O que levou um argentino a criar página de apoio à pior seleção do mundo?

«Jamais esperei uma explosão à volta de uma conta sobre San Marino», diz Ezio Auditore a A BOLA. Achou que podia ser interessante e, após dois anos, já acompanha os diferentes escalões da seleção de San Marino e reuniu uma legião de seguidores que supera em larga escala a população do pequeno país europeu

Outra igualmente popular, por sua vez escrita em inglês, é a San Marino fan account, que se aproxima a passo largos dos 200 mil seguidores e que, no penúltimo jogo de San Marino (no empate a uma bola com Gibraltar), detalhou assim um lance desse encontro: «Nicola Nanni quase marca um golo de calcanhar após um primeiro toque fantástico de Contadini. O que é que eu estou a ver?»

E ainda há mais uma página deste género… baseada na Turquia. E que, ao contrário das outras duas, até goza do estatuto de apoiar a pior seleção do mundo, estatuto esse que deseja manter. «Os nossos medos tronaram-se realidade», comentou a página após a subida de divisão na Liga das Nações. «Emergimos como líderes deste grupo da morte. Os responsáveis devem ser punidos!»

O que é certo é que todas estas contas acompanham religiosamente os jogos da seleção e, entre si, somam 583 mil seguidores no X. A título de curiosidade, na mesma rede social, a conta oficial da Federação de Futebol de San Marino tem pouco mais de cinco mil seguidores.

Acrescenta-se ainda que este inusitado apoio internacional também ocorre nos estádios onde joga a seleção, como nota Nanni: «Já reparei nessas páginas e também já há pessoas que nos seguem nos estádios. No jogo com o Liechtenstein tínhamos fãs do Peru e da Turquia a torcerem por nós. Temos adeptos de todo o Mundo e é ótimo ver que tantas pessoas gostam de acompanhar os nossos jogos.»

No entanto, esta contagiante paixão da equipa também transparece no pequeno país que está rodeado por Itália, pelo que também realça Gorini: «Uma grande multidão acolheu a equipa no seu regresso a San Marino. O nosso país tem muito orgulho e o desporto traz muita satisfação. Estamos muito orgulhosos do que a seleção nacional conseguiu.»

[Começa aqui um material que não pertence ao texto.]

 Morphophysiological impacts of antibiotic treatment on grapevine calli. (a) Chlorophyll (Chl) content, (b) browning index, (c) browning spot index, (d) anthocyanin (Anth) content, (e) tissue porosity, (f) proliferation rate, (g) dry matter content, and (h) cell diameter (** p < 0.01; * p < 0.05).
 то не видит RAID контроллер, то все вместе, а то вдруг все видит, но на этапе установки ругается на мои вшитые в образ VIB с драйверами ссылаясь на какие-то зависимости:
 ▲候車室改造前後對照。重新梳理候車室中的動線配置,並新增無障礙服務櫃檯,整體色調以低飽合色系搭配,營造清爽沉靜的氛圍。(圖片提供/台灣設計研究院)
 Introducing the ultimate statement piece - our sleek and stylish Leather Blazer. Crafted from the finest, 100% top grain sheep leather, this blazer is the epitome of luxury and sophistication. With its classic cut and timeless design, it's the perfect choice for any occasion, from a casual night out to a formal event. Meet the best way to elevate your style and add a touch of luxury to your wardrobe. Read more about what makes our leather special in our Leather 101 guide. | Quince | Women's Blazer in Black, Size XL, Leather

O que poderá acontecer a seguir?

Recapitulando: nos últimos nove jogos, San Marino ganhou dois e empatou outros tantos. Dado o historial desta seleção, seria simples assumir que a mesma atravessa a melhor fase desde que se formou. No entanto, essa noção é recusada tanto por Elia Gorini como por Nicola Nanni.

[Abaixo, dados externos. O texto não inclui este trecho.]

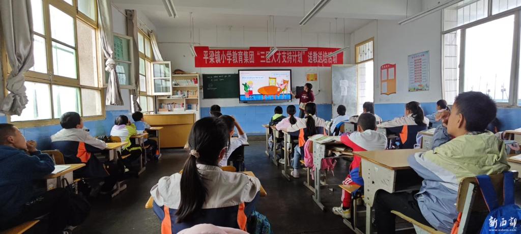 郭丹、賴春萍老師一行7人在簡單的“三區(qū)人才支持計劃”送教送陪啟動儀式后,認真旁聽了高梁小學(xué)青年英語教師吳玉熙上的一節(jié)四年級英語公開課。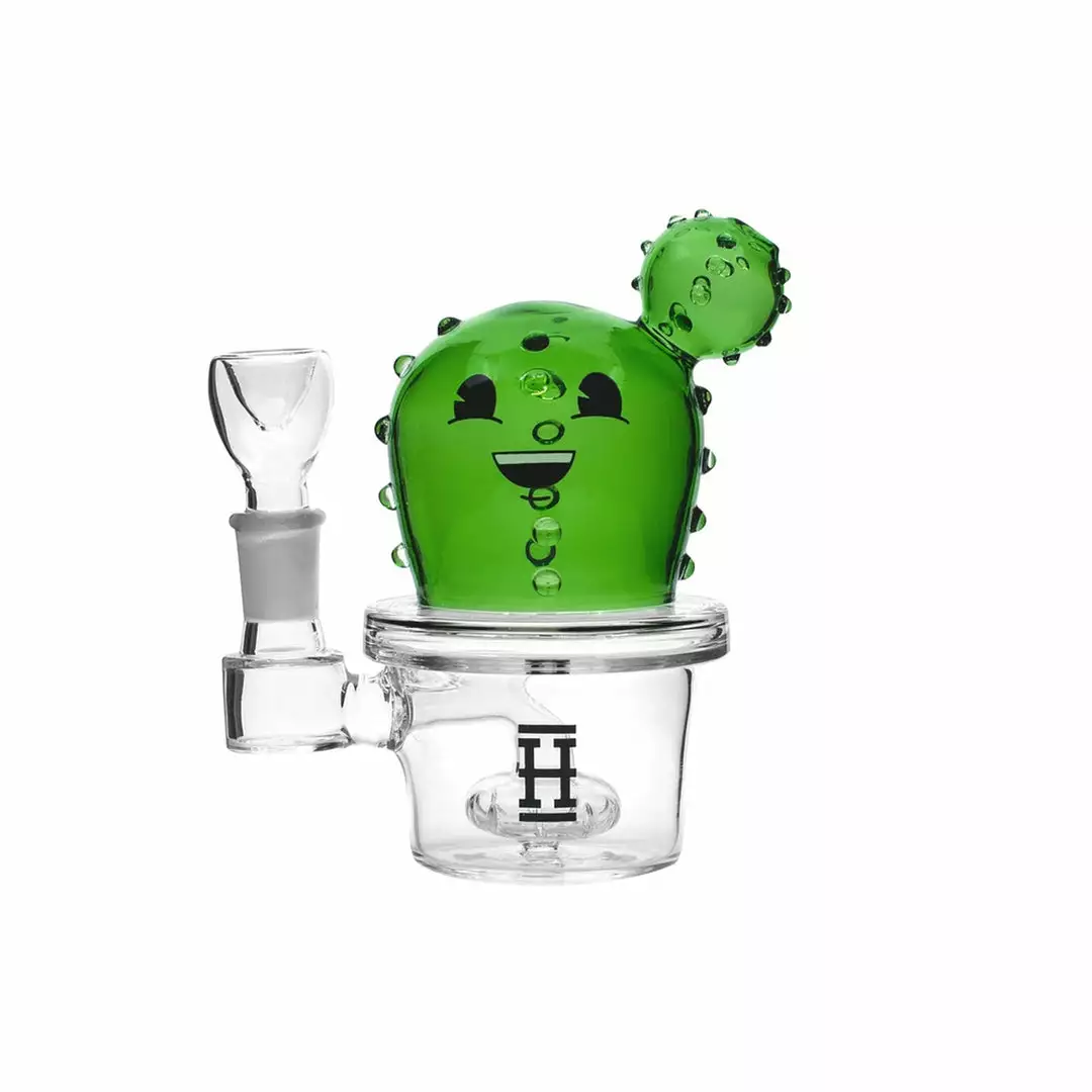 Introducing, the Hemper cactus bong!! Standing 6″ tall this happy cactus dab rig sure packs a powerful scary punch! The hand-blown cactus figurine has a sturdy and wide flower pot base making it perfect for dry herb bowls OR a fully functional e-nail setup.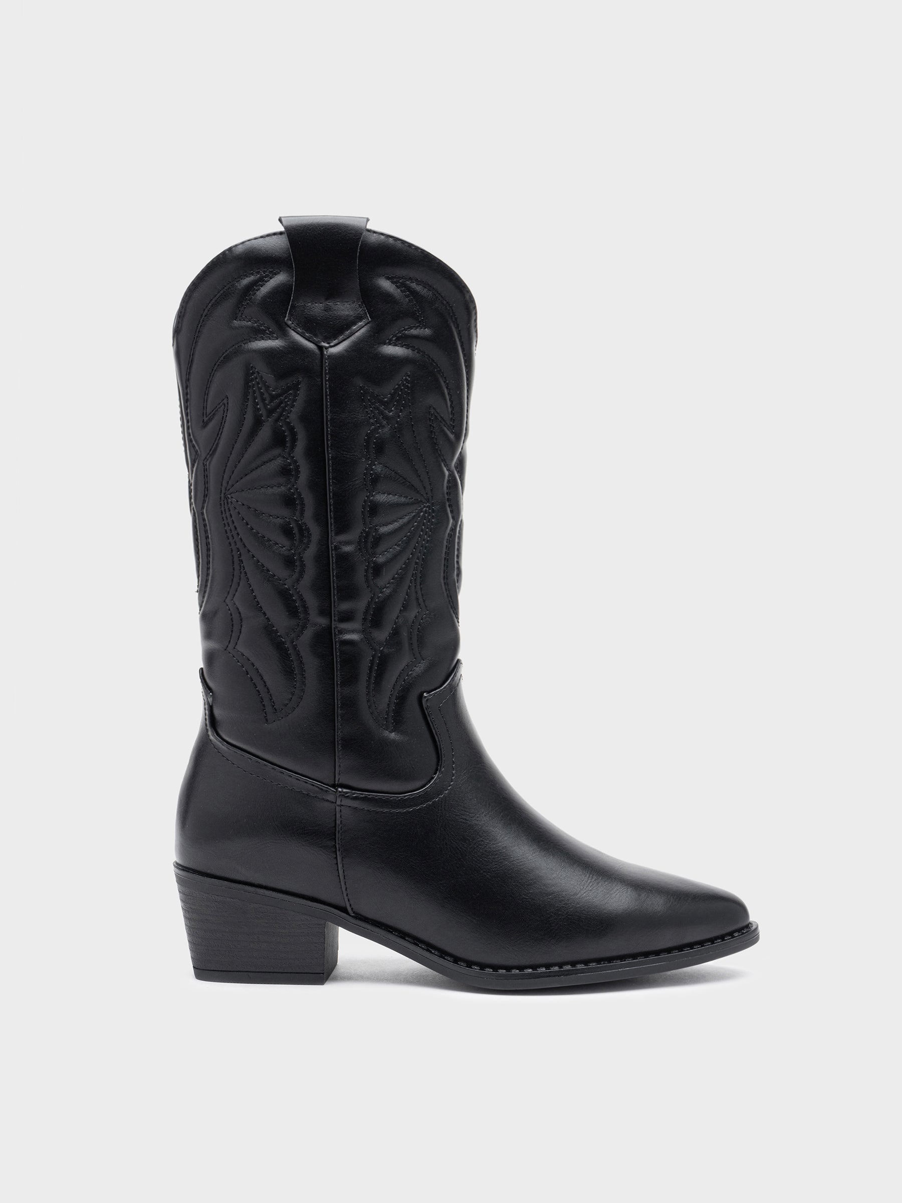 Bota de media caña en material efecto piel con bordados estilo western. Punta afilada, cremallera interior para mayor comodidad y tacón bajo ancho.
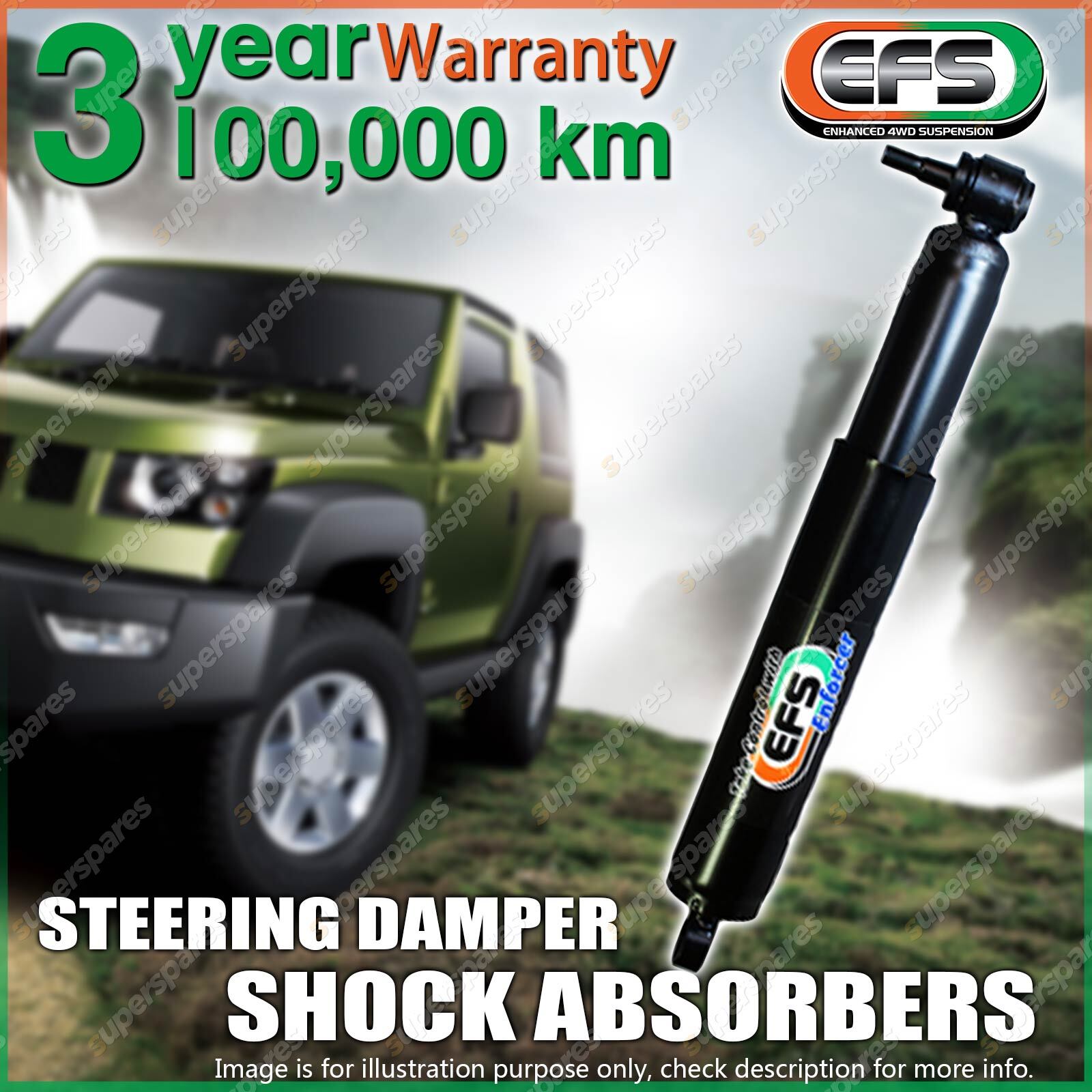 Enforcer Steering Damper The EFS Enforcer Steering Damper increases the control over bumper steer & improves steering control suited from standard to 33 inch tyres. Featuring 32mm twin tube, 11mm or 12mm hardened chrome piston rod, metal dust cover & gas cell technology. | X-Treme Steering Damper The EFS X-Treme Steering Damper will provide unmatched steering control and reliability. Designed with increased valve forces to aid in the control of oversized tyres that increase bump steer. Features 35mm bore, oversized 60mm body, 16mm hardened chrome shaft & increased valve forces to suit 33 - 37 inch tyres.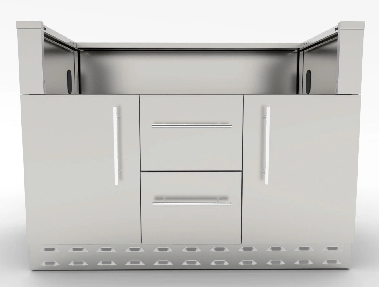 El módulo Inox. de 116 cm. para barbacoa de gas, está construido enteramente de Acero Inoxidable grado 304 del calibre 16 y 18. Además de servir para las barbacoas Sunstone de 5 quemadores, este módulo también está diseñado para alojar múltiples barbacoas de gas de otras marcas del mercado. El módulo se compone de dos puertas laterales con alojamiento para la botella de gas o cubo de basura ya que el estante inferior es extraible. La puerta izquierda incluye una repisa a media altura, la cual es extraíble para instalarse en la puerta derecha si así se desea. Entre las dos puertas se sitúan 2 cajones grandes y amplios, ideal para guardar todos nuestros utensilios, condimentos, etc.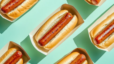 Classic Retro Hotdog With Grilled Sausage Seamless Background, Creative Pattern, Geometrical Design, Top View

O jornalista, que também já contribuiu com a Federação local na elaboração de cinco livros sobre a história do futebol em San Marino, explica porquê: «Penso que é difícil comparar diferentes seleções de épocas diferentes. No entanto, posso dizer que a equipa que estamos a ver agora é certamente uma das mais fortes que já tivemos.»

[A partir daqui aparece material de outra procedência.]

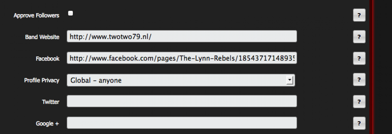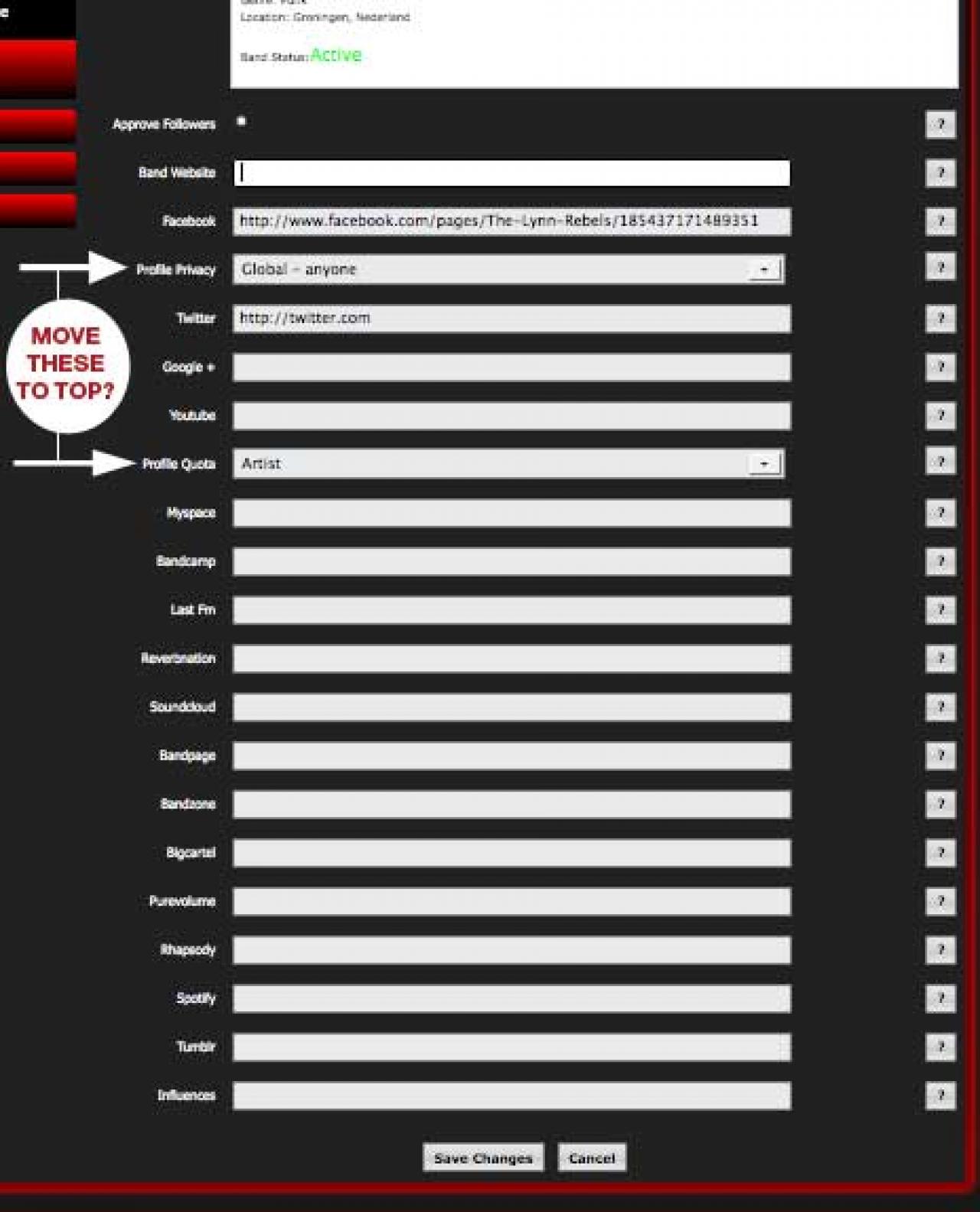 We want to add a form to the profile edit page allowing artists to add social icons to there profile pages
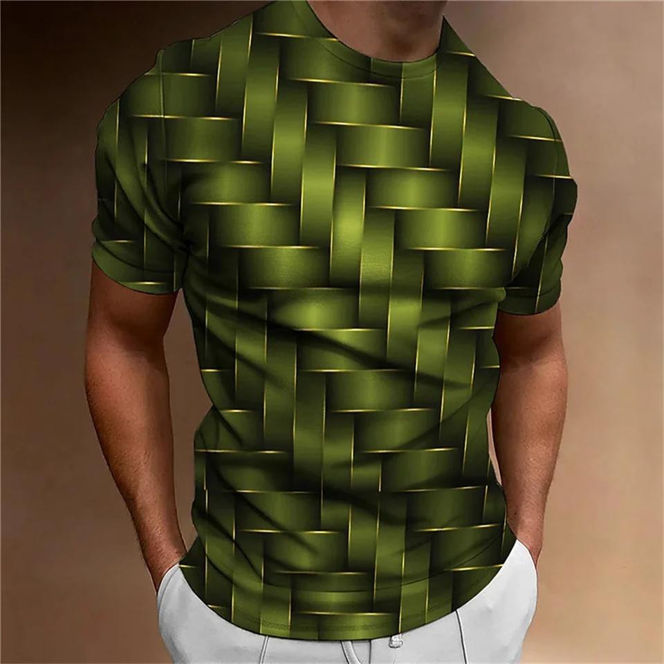 Secado rápido 100% patrón impreso 2025 camiseta simple para hombres patrón geométrico 3D impreso hombres Top diario Casual
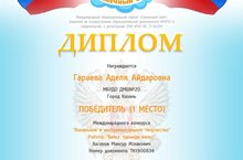 ДМШ20 в период удалённого дистанционного обучения активно участвует в онлайн-конкурсах! Учащаяся Мансура Исхаковича Хасанова - Гараева Аделя - Победитель I место Международного конкурса "Солнечный Свет"! Поздравляем!

O jogador anui, demarcando-se, desde logo, de fazer este tipo de julgamento. «Se é a melhor equipa não sei… não é correto para mim dizer isso. Este é o nosso melhor momento, de certeza. Antigamente não tínhamos competições como a Liga das Nações, mas claro que este é o melhor momento para a nossa Federação.»

Será então em boa forma que San Marino pode começar a preparar a participação na Liga C, que se afigura como um enorme desafio; os possíveis adversários já confirmados da equipa são a Estónia, a Bielorrússia, o Chipre, as Ilhas Faroé e a Moldávia. Antes disso, no entanto, começará a qualificação para o Mundial 2026, que, para esta turma, mais servirá como preparação para os jogos da próxima Liga das Nações, onde, aí, o objetivo é claro.

«Queremos ser competitivos», dita Nanni: «Temos de aproveitar este momento e melhorarmos se queremos fazer algo de bom. Serão jogos mais difíceis, vamos enfrentar seleções melhores do que as de agora, mas temos de começar já a trabalhar, se queremos ser competitivos na Liga C.»

Olhando mais a o curto prazo, o objetivo de San Marino é, apenas, escrever mais uma linha nos livros de história. «Espero que San Marino consiga sair do último lugar do ranking da FIFA», explicita Gorini. «Seria uma recompensa por todo o trabalho que tem sido feito. Talvez nos esteja a aguardar outra boa surpresa», acrescenta. Resta aguardar então pela atualização da FIFA do seu ranking de seleções, para ver se San Marino ultrapassa, pelo menos, o território britânico de Anguila, a primeira seleção acima de si. Se tal não acontecer, como salientou Nicola Nanni, há que continuar a trabalhar para, mais uma vez, colocar o credo na boca dos adeptos de futebol.